Kaiju Preservation Society(39)



I tried to get up, but couldn’t see to look where to run. The creatures were swarming around me now, making it hard to find a place to put my hand to prop myself up. I began to hyperventilate. I was definitely going to be dying now.

Someone reached down and yanked me up off the jungle floor, and started grabbing the creatures off of me and hurling them away. It was Tagaq, obviously.

“Hold still,” she said, snatching the creatures and hurling them away as if they were nothing. Most of the creatures ran off at this point; a few tried a second attack, launching at me. Tagaq kicked away most of them and caught one mid-leap, punching it in the air, which I would have thought very cool, were I not presently wetting myself, and had she not been the one who had put me out there to be attacked in the first place.

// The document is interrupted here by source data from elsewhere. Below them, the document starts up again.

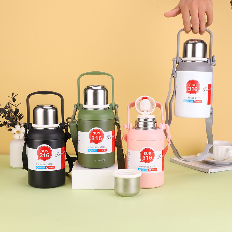 창조적 인 316 식품 학년 스테인레스 스틸 진공 컵 야외 대용량 스포츠 주전자 학생 휴대용 남성 등반 냄비
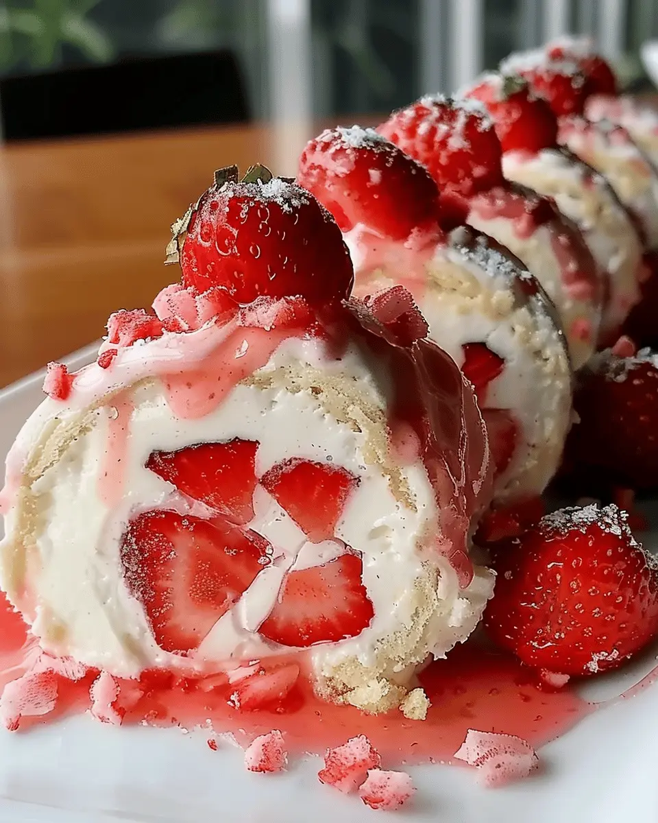 Strawberry Shortcake Cheesecake Dessert Sushi Rolls
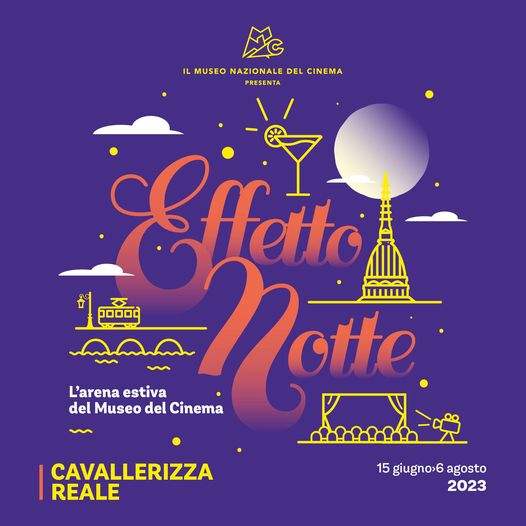 Fino al 6 agosto 2023 alla Cavallerizza Reale (cortile della Manica del Mosca) è stata allestita EFFETTO NOTTE, l’Arena estiva del Museo Nazionale del Cinema, un vero e proprio cinema all’aperto che conta 400 posti e che prosegue idealmente l’attività della Sala Tre del Cinema Massimo.
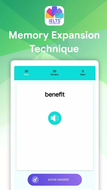 IELTS Vocabulary Flashcards MOD APK has used the spaced repetition algorithm, which is a scientific learning method that helps you quickly memorize vocabulary in a long-term way. When using this algorithm, the system will rearrange the time to review appropriate vocabulary according to the increasing time intervals between the next reviews of previously learned documents. Therefore, the vocabulary will be recalled as soon as you are about to forget, helping you quickly consolidate the knowledge you have learned. This feature is very suitable for the process of acquiring vocabulary knowledge in the journey to conquer a second language. This will be a great assistant for all IELTS listening exercises, IELTS reading practice, IELTS writing and IELTS speaking.
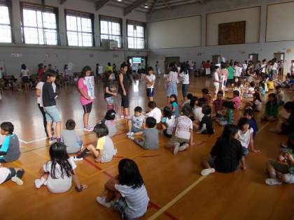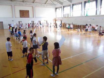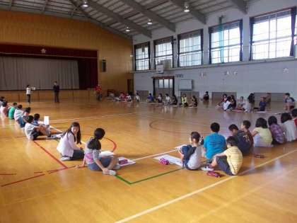 児童朝会は6年生のリーダーを先頭にして,縦割りグループで並んで集合します。いち早く6年生がライン上に並んで,下級生を迎え入れる態勢を作ってくれています。
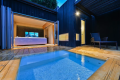 デッキを含むと約80㎡の広さ、寝具には特にこだわり 肌触りが感動モノの「パーケルシーツ」に和布団、露天風呂の湯船は白。日差しの強い昼になったら綺麗な水色へ変化しリゾート気分を盛り上げます。
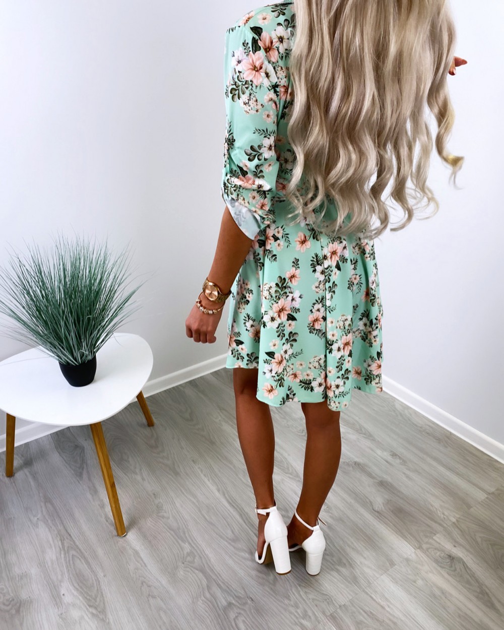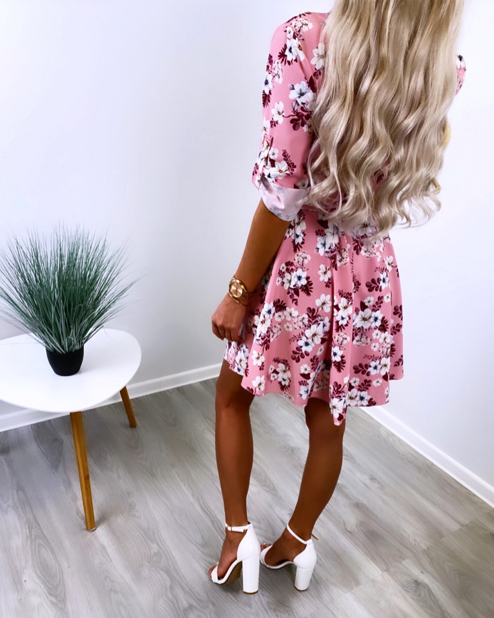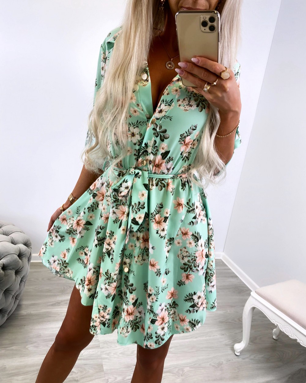 Gėlėta suknelė su diržu (Vienas dydis, Balta)
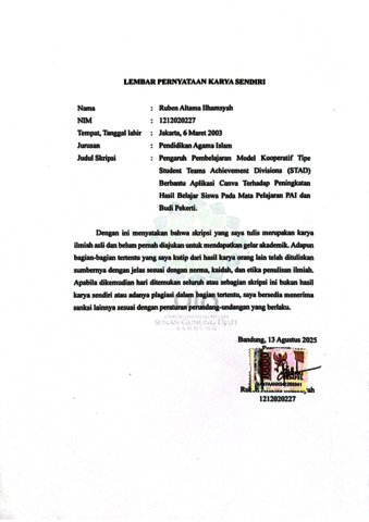 Ilhamsyah, Ruben Altama (2025) Pengaruh pembelajaran kooperatif tipe Student Teams Achievement Divisions (STAD) berbantu aplikasi Canva terhadap peningkatan hasil belajar: Penelitian quasi eksperimen di kelas VIII SMP Triyasa Kota Bandung. Sarjana thesis, UIN Sunan Gunung Djati Bandung.
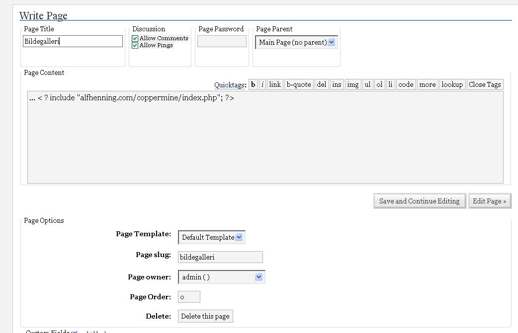 Garreth Skrevet 21. november 2005 Skrevet 21. november 2005 Hmm, hva om du lager en egen template (ser du har et valg der) Så kopierer du den vanlige templaten, og legger til <? include "alfhenning.com/coppermine/index.php"; ?> under eller over koden som skriver ut artikkelen. Så velger du den nye templaten i wordpress til bildegalleri siden. (er ikke sikker om det er så enkelt siden jeg aldri har vært borti wordpress selv, men det er verdt et forsøk)
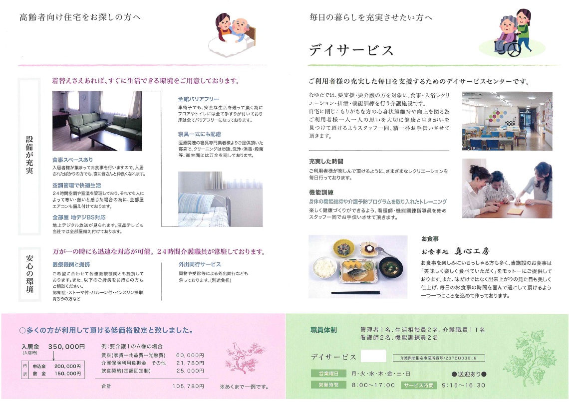 全室二人部屋、全18戸のアットホームな住宅型有料老人ホームです。居室は全室個室と快適にお過ごしいただけます。介護職員も常駐しており、安心です。定期的に季節のイベントやレクリエーションを開催しております。デイサービス併設で、メリハリのある日々をお送りいただけます。
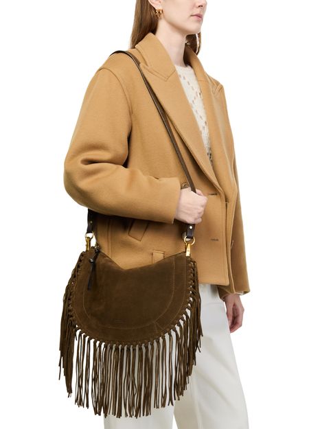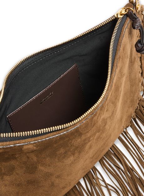 Reveal Isabel Marant's Oskan soft zipped shoulder bag, crafted from supple suede with a single handle and a thin, adjustable strap for versatile wear. Gold-finish hardware and visible stitching accentuate its refined silhouette, while fringe details and an interior pocket add both flair and function.
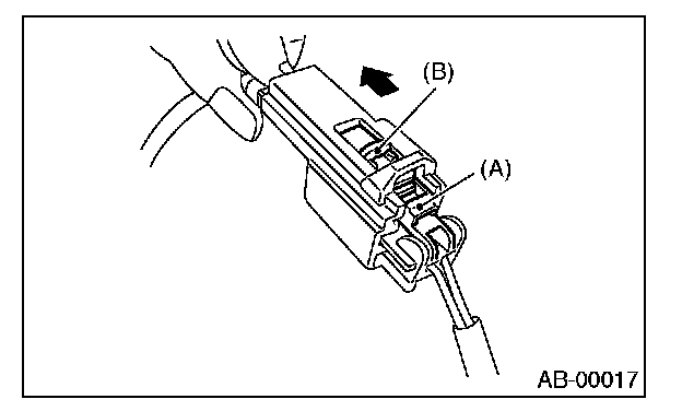 2. Disconnect the connector with slide lock (A) moved.
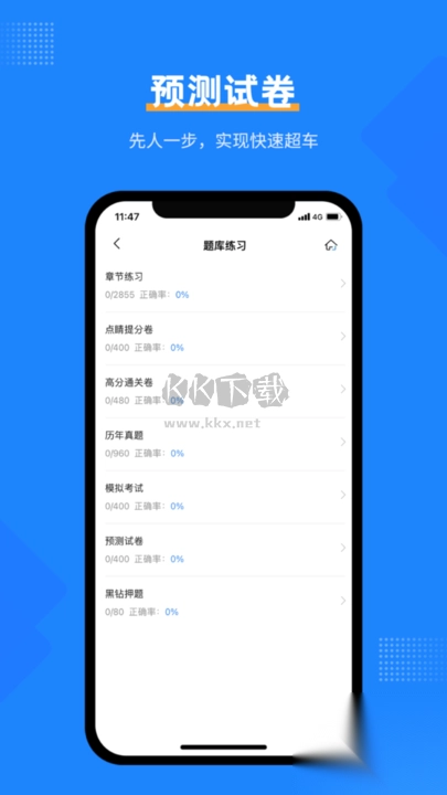 涵盖考点练习,提供全国通用卷与地区卷模拟练习,还设有依据固定考试比重随机抽题的真题考场。成绩单实时记录考试数据,能细致反馈考生近期学习状态及自我正确率的提升情况,极大地增强考生通过考试的信心。

In a few minutes, we were all alone, standing on the jungle floor.

“You are fine,” Tagaq said to me.

I screamed at her.

“You are fine,” she repeated. She poked my suit. “Quilted carbon fiber. They would have poked at it for years and never gotten through it.”

“You could have told me that!”

“I could have,” she agreed. “But I needed you to feel this in your heart. What you’re feeling now.”

I was about to yell at her again, but stopped. “Okay, one, fuck you,” I said. “This is a super-shitty way to do this.” Tagaq said nothing to this, waiting. “Two, fuck you, you’re right, I get it now.”

“Good,” Tagaq said. “Because here is another thing. The tree crabs that attacked you just now are the least dangerous things you’re going to find here on the jungle floor. Much worse will be things that feed on the tree crabs, of which there are many. Much worse than them are the things that feed on them. And worst of all are the kaiju parasites.”

“Not the kaiju?”

Tagaq shook her head. “We are beneath their consideration. Their parasites, however, are very interested in us.”

I started to ask something and stopped. I looked at Tagaq and looked around. “Why aren’t we being attacked?”

Tagaq pulled something out of the pocket of her jumpsuit and showed it to me. “Ultrasonic,” she said. “The tree crabs hate it.”

“And the things that eat the tree crabs? And the things that eat them?”

“We have other things for them. I’ll show you.” Tagaq looked around. “I know you’ve been told to chaperone tourists. They always want to see the jungle up close. They want to feel they’ve seen the true world here. If we showed them the true world here, they would all be dead. And do you know why?”

“Because they don’t feel it in their hearts,” I said.

“And we don’t have the time to make them feel it.” Tagaq motioned to where we are. “So, we bring them here, to this spot, and we lie to them that this is the true face of this world. They should be glad we do it, and that we make them believe it.” She pointed to me. “But don’t you believe it. Ever. Because you’ll walk other places in this world. And it will take you before you can scream. Understand?”

“Yes,” I said, meaning it.

“How are you?”

“Honestly? I’m pretty sure I pissed myself.”

Tagaq nodded. “Let’s go back and get you out of this and changed, and we’ll start again.” We started walking back to the elevator.

“Did you do this?” I asked her as we walked. “The first time you were on the jungle floor.”

“I did.”

“How did you do?”

She looked at me. “I shit myself running.”

“That … makes me feel better.”

She grunted. “It’s the ones who don’t you have to worry about.”





CHAPTER

14




“Exciting day in maternal kaiju observation,” Aparna said to the group as she entered the cottage after her shift in the lab. She was the last of us to be done with her work for the day; we were waiting on her to go to dinner.

“So exciting you’re making us late for food?” I asked. I was on my second day of ground training with Riddu Tagaq, so I was very ready to eat.

“You tell me.” Aparna opened up her laptop, which had been in sleep mode; it woke up and displayed the last thing that had been on her screen, which was a picture of Bella from on high, care of the aerostat stationed above her. We all peered at the photo.

“Bella shit herself,” Niamh said, after a second.

“She did not,” Aparna replied, annoyed.

“Are you sure?” I asked. “Because Niamh is not wrong. That looks like shit to me.”

“Bird shit specifically,” Kahurangi said. “Like the most mighty seagull shit that has ever been taken.”

“‘The Mighty Seagull Shits’ is a good band name,” I observed.

“It is not,” Aparna said. “And it’s not shit. Bella just laid her eggs.”

“By shitting herself,” Niamh said. “Not how I would do it, but okay.”

Aparna made an exasperated noise. “It’s not shit, okay? It’s kaiju natal jelly. It’s a nutrient-dense medium for her fertilized eggs, and it’s fascinating.” She pointed to the spatter that was allegedly not the largest seagull dump ever taken. “That jelly contains everything the embryos developing in it need to survive their development inside their ovum. There’s a transfer of nutrients and waste. It’s almost placental. But that’s not all it does.”